For a long time, IgG has been the only class of antibodies that are actively transferred from mother to offspring. This results in short-term passive immunity, and the specific IgG transport is accomplished by FcRn. In 1972, Jones et.al. first identified a receptor that transport maternal IgG to newborns in the gut of neonatal rats, hence after it was named as Neonatal Fc receptor (FcRn). FcRn expression during pregnancy and lactation plays a role in transporting IgG across the placental barrier and the intestinal tract. A variety of tissue cells can be detected throughout the life cycle. The main function is to maintain the level of IgG and albumin in the serum and regulate the distribution in the tissue.

           Human FcRn interaction with ligands IgG and albumin

FcRn is a heterodimer composed of two subunits, FCGRT and B2M. FCGRT has three extracellular functional regions including three soluble domains (α1, α2, and α3), a single transmembrane helix and a cytoplasmic tail (some studies showed the cytoplasmic tail region composed of 44 amino acid residues that may contain signals that mediate intracellular pathways). Its molecular weight is 40 to 50 kDa, called the α chain while the molecular weight of B2M is 14 kDa, called the β chain. The two chains are joining in the form of non-covalent bonds. FCGRT must be assembled with B2M to play a transport role. Studies have shown that the binding site of FcRn with IgG and serum albumin is not the same, so the binding of FcRn to IgG is not interfered by serum albumin.

IgG has a half-life of up to 2 to 4 weeks in the human body. The impact of the half-life is mainly due to the FcRn-mediated recycling mechanism. This mechanism is achieved by the pH-dependent binding of IgG Fc fragment and serum albumin to FcRn.
Under acidic conditions (pH6.0-6.5), FcRn binds IgG, and dissociation occurs under neutral and weakly alkaline conditions (pH7.0-7.5). Specifically, endothelial cells form endocytosis vesicles by ingesting IgG to form an acidified endosome, and IgG binds to FcRn to form an IgG-FcRn complex. The IgG-FcRn complex is transported to the cell surface through the recirculated endosome. Under physiological conditions such as pH7.4, the IgG-FcRn complex is dissociates, and the IgG is released again into the blood circulation. Through this receptor-mediated recycling mechanism, FcRn effectively protects IgG from lysosomal degradation, thus prolonging the half-life of IgG. However, IgG does not bind to FcRn to form an IgG-FcRn complex in the acidified body, degrades in the lysosome. Studies have shown that the FcRn-mediated IgG recovery rate is 42% higher than the IgG production rate, suggesting that IgG recycling is the main process that maintains IgG concentrations in human body.
FcRn-mediated IgG and serum albumin recycling
In addition to half-life evaluation, FcRn has great potential as a therapeutic target.

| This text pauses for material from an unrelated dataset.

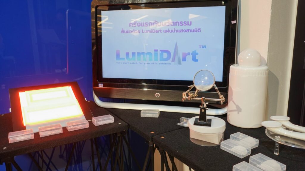 “ลูมิดาร์ท (LumiDart)” แผ่นเข็มนำแสงสามมิติที่มีขนาดเล็กมากในระดับไมโครเมตร โดย ดร. ไพศาล ขันชัยทิศ หัวหน้าทีมวิจัยเข็มระดับนาโน กลุ่มวิจัยวัสดุตอบสนองและเซ็นเซอร์ระดับนาโน นาโนเทคและทีมฯ ที่ผสานเทคโนโลยีเข็มขนาดไมโคร (MicroNeedles) กับการบำบัดผิวด้วยการฉายแสง (Phototherapy)สู่ตัวช่วยนำพาแสงไปยังชั้นใต้ผิวหนังโดยตรง ด้วยจุดเด่นคือ ใช้ความเข้มแสงน้อย เพิ่มประสิทธิภาพ และไม่เจ็บ แก้ปัญหาผิว อาทิ สิว จุดด่างดำ ผิวหน้าหย่อนคล้อย หรือรอยแผลเป็นจากสิว

The high affinity of FcRn has harmful effects on IgG-mediated autoimmune diseases such as myasthenia gravis, rheumatoid arthritis, or pemphigus vulgaris. Targeting FcRn and inhibiting FcRn circulation can enhance IgG catabolism, resulting in overall reduced IgG and pathogenic autoantibody levels, which is expected to reduce all autoimmune abnormalities caused by IgG. Studies have confirmed that FcRn targeting therapy provides faster and more selective IgG reduction than therapeutic plasma exchange therapy for myasthenia gravis. In addition, the advantages of this treatment over many clinically use conventional therapies are also demonstrated by the fact that IgA, IgD, IgE, and IgM are not dependent on FcRn-mediated circulation. Therefore, it does not lead to extensive immunosuppression, providing the basis for the safety and precision specificity of FcRn targeting.
Therefore, drugs that target FcRn do not use FcRn as a direct target for therapeutic intervention as conventional targets. Instead, it uses the advantages of cellular drug delivery, which is called a "revolutionary therapy" that can wipe out all autoimmune diseases, with high potential.
To support monoclonal antibody, bispecific antibody, ADC drug affinity research and targeted FcRn drug development for the treatment of autoimmune diseases, ACROBiosystems is providing you with a series of high-quality FcRn products. New Product Recommendation: The Human FcRn Binding Kit (TR-FRET) is now available. It features easy-to-use, high sensitivity, and accurate results, making it an ideal solution for high-throughput antibody screening to accelerate your drug research and development.
Product Features

Expressed by HEK293 Cells: to realize post-translational glycosylation and other modifications and correct protein folding

Various species: Human, Mouse, Cynomolgus/Rhesus macaque, Rat, Porcine, Rabbit, Feline, Bovine, can be fully applied to different cross species experiments

High purity:

more than 95% as verified by SDS-PAGE

more than 90% as verified by SEC-MALS

Low endotoxin:<1.0 EU/µg

Biotinylated FcRn proteins labeled with AvitagTM offered. The labeling efficiency is high, and the labeling site is specific and clear, which is suitable for ELISA/SPR/BLI detection based on binding to streptavidin in the process of drug development and process optimization

Affinity verified by SPR & BLI: high-bioactivity guaranteed, and protocols offered free of charge

Product List
MoleculeCat. No.HostProduct DescriptionStructure
References

The mechanism of intestinal uptake and transcellular transport of IgG in the neonatal rat. The Journal of Clinical Inveatigation. 1972, 51:2916–27.

FcRn: the neonatal Fc receptor comes of age. Nature Reviews Immunology. 2007,7:715–725.

FcRn expression in cancer: Mechanistic basis and therapeutic opportunities. Journal of Controlled Release. 2021, 337 :248–257.

Antagonism of the Neonatal Fc Receptor as an Emerging Treatment for Myasthenia Gravis. Frontiers in Immunology. 2020, 10.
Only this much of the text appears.